Excerpted records —
------
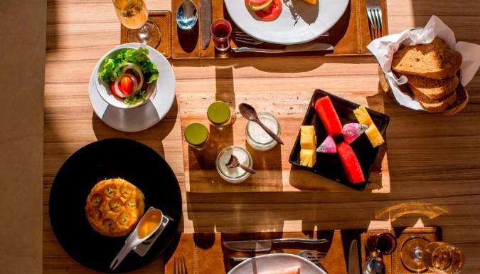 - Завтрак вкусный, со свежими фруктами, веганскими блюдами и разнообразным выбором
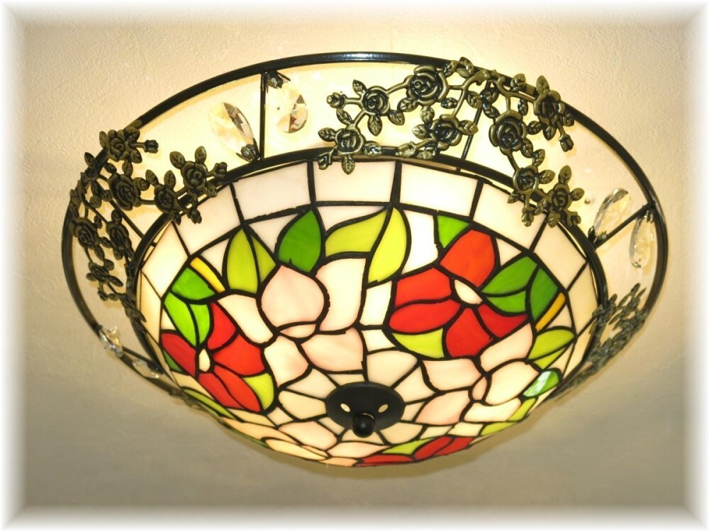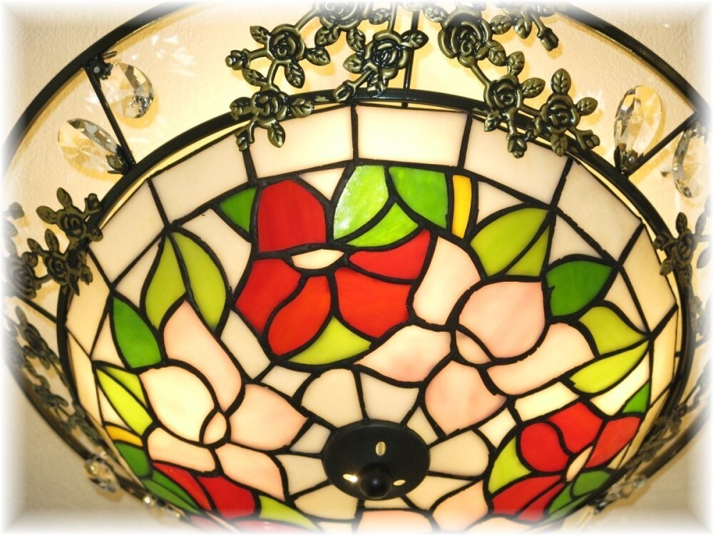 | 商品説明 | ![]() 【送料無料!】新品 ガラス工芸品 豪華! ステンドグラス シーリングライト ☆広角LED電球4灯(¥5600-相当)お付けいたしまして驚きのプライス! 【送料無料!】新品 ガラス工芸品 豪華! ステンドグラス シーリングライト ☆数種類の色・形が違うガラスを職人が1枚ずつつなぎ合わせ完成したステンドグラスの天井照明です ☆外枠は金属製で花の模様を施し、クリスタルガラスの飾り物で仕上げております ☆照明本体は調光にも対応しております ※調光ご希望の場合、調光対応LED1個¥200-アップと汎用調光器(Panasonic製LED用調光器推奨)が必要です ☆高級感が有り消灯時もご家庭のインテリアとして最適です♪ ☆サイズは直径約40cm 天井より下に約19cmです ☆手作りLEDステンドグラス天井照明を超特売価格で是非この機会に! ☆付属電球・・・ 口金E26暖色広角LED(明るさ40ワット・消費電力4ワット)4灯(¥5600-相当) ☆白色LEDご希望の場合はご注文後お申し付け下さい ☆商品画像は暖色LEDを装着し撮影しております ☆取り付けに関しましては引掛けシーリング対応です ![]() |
------
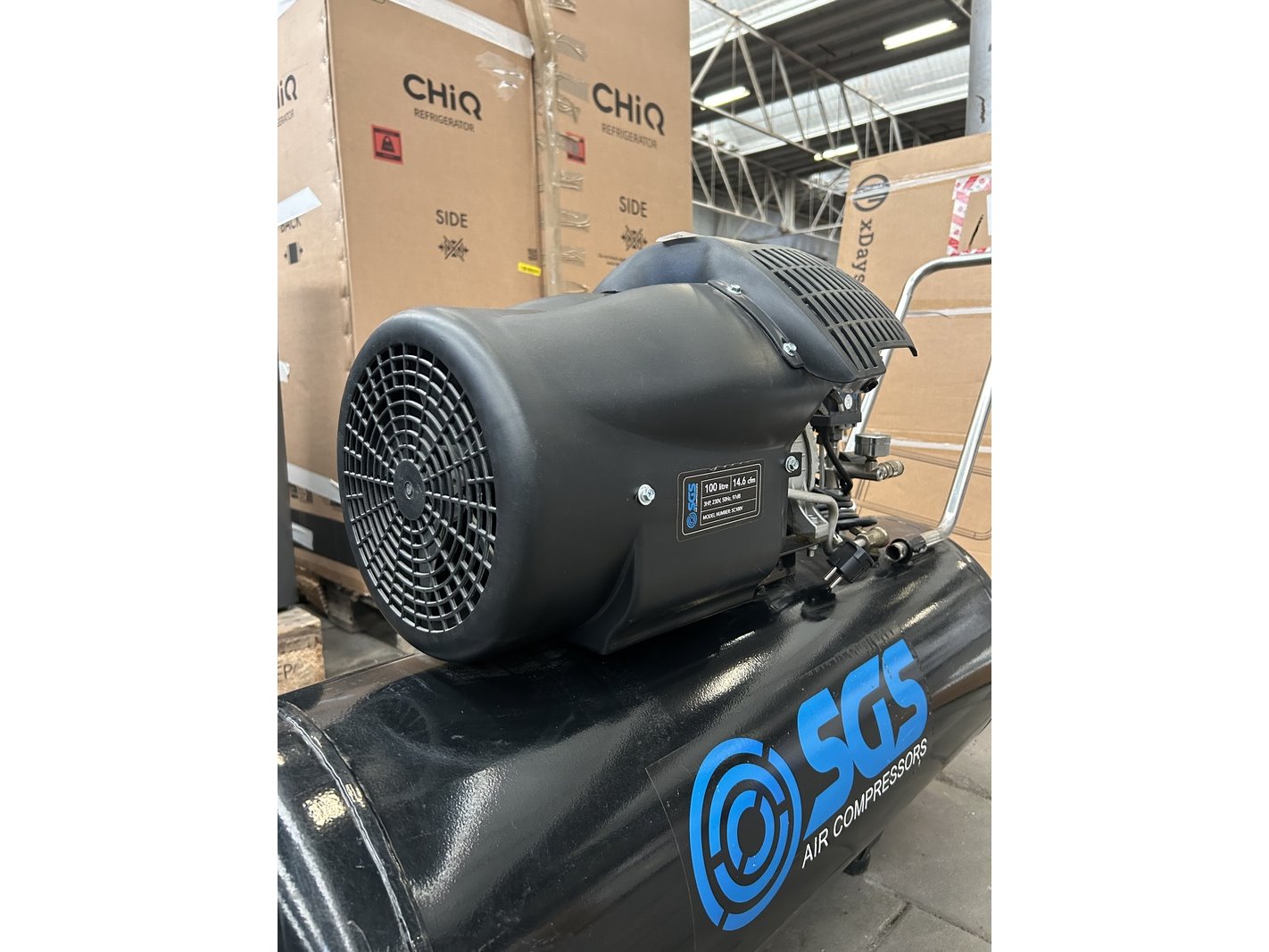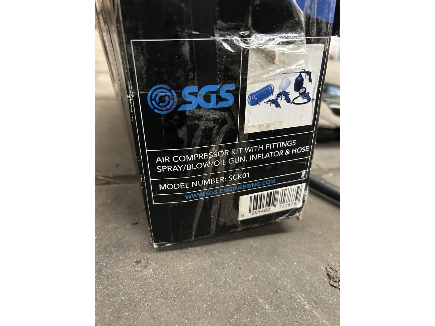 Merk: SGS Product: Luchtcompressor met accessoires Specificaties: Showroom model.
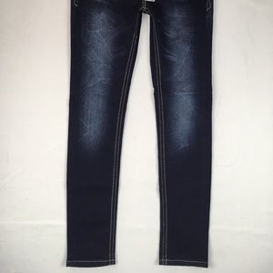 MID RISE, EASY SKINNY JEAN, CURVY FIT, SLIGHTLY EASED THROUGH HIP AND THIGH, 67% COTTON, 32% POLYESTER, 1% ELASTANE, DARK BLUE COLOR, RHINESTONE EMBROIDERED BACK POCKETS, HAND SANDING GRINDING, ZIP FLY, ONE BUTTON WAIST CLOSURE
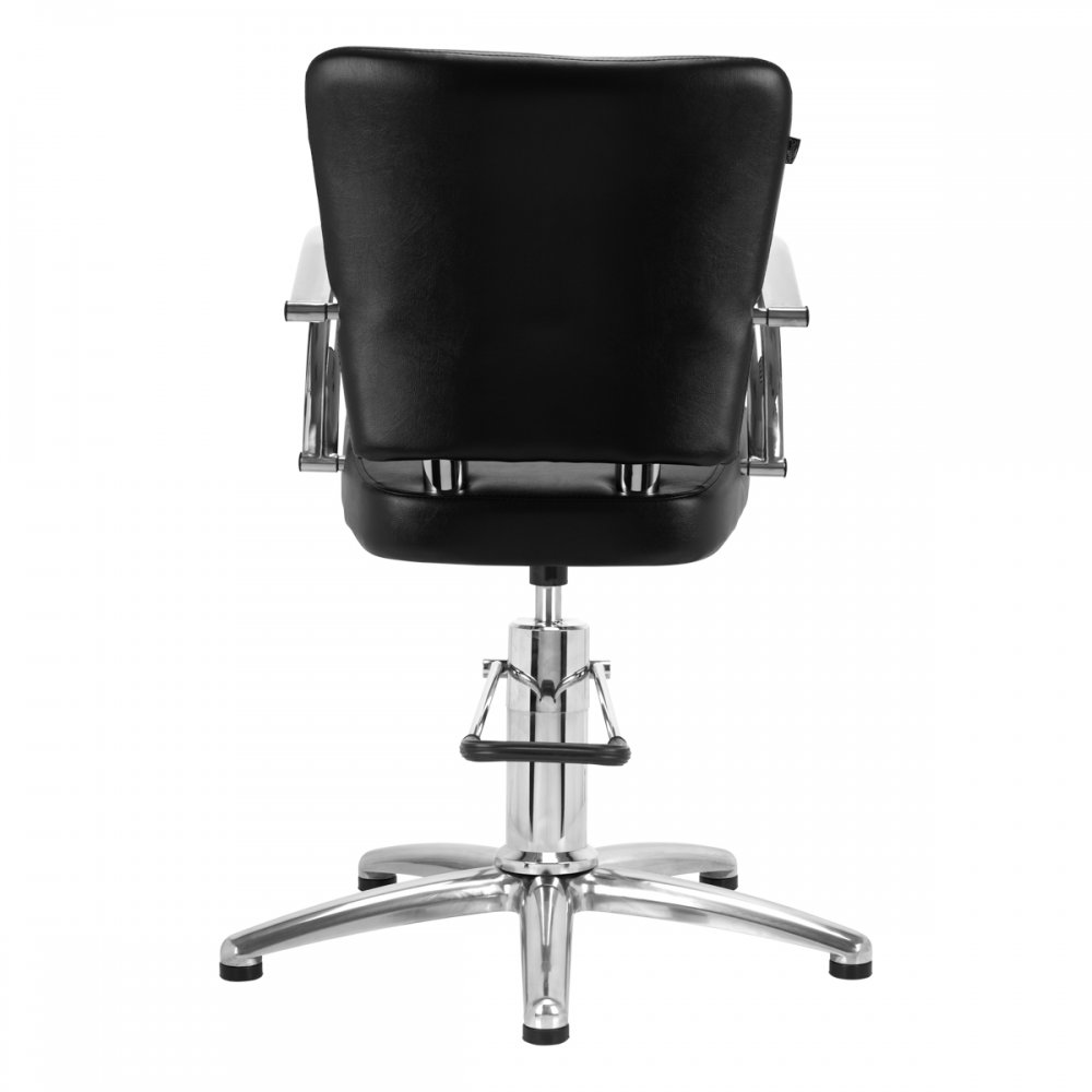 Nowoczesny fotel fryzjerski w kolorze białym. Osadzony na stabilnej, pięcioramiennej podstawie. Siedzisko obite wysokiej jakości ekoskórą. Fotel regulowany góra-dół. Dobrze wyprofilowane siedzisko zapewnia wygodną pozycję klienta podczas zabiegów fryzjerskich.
------
Activity — Look above for the line with "- Завтрак вкусный, со" and the line with "ステンドグラス シーリングライト ☆広角LED電球4灯(¥5600-相当)お付けいたしまして驚きのプライス!"; set down those two lines and all lines between them exactly, without pictures and without anything else.

Answer to this problem —
 - Завтрак вкусный, со свежими фруктами, веганскими блюдами и разнообразным выбором
 | 商品説明 | ![]() 【送料無料!】新品 ガラス工芸品 豪華! ステンドグラス シーリングライト ☆広角LED電球4灯(¥5600-相当)お付けいたしまして驚きのプライス! 【送料無料!】新品 ガラス工芸品 豪華! ステンドグラス シーリングライト ☆数種類の色・形が違うガラスを職人が1枚ずつつなぎ合わせ完成したステンドグラスの天井照明です ☆外枠は金属製で花の模様を施し、クリスタルガラスの飾り物で仕上げております ☆照明本体は調光にも対応しております ※調光ご希望の場合、調光対応LED1個¥200-アップと汎用調光器(Panasonic製LED用調光器推奨)が必要です ☆高級感が有り消灯時もご家庭のインテリアとして最適です♪ ☆サイズは直径約40cm 天井より下に約19cmです ☆手作りLEDステンドグラス天井照明を超特売価格で是非この機会に! ☆付属電球・・・ 口金E26暖色広角LED(明るさ40ワット・消費電力4ワット)4灯(¥5600-相当) ☆白色LEDご希望の場合はご注文後お申し付け下さい ☆商品画像は暖色LEDを装着し撮影しております ☆取り付けに関しましては引掛けシーリング対応です ![]() |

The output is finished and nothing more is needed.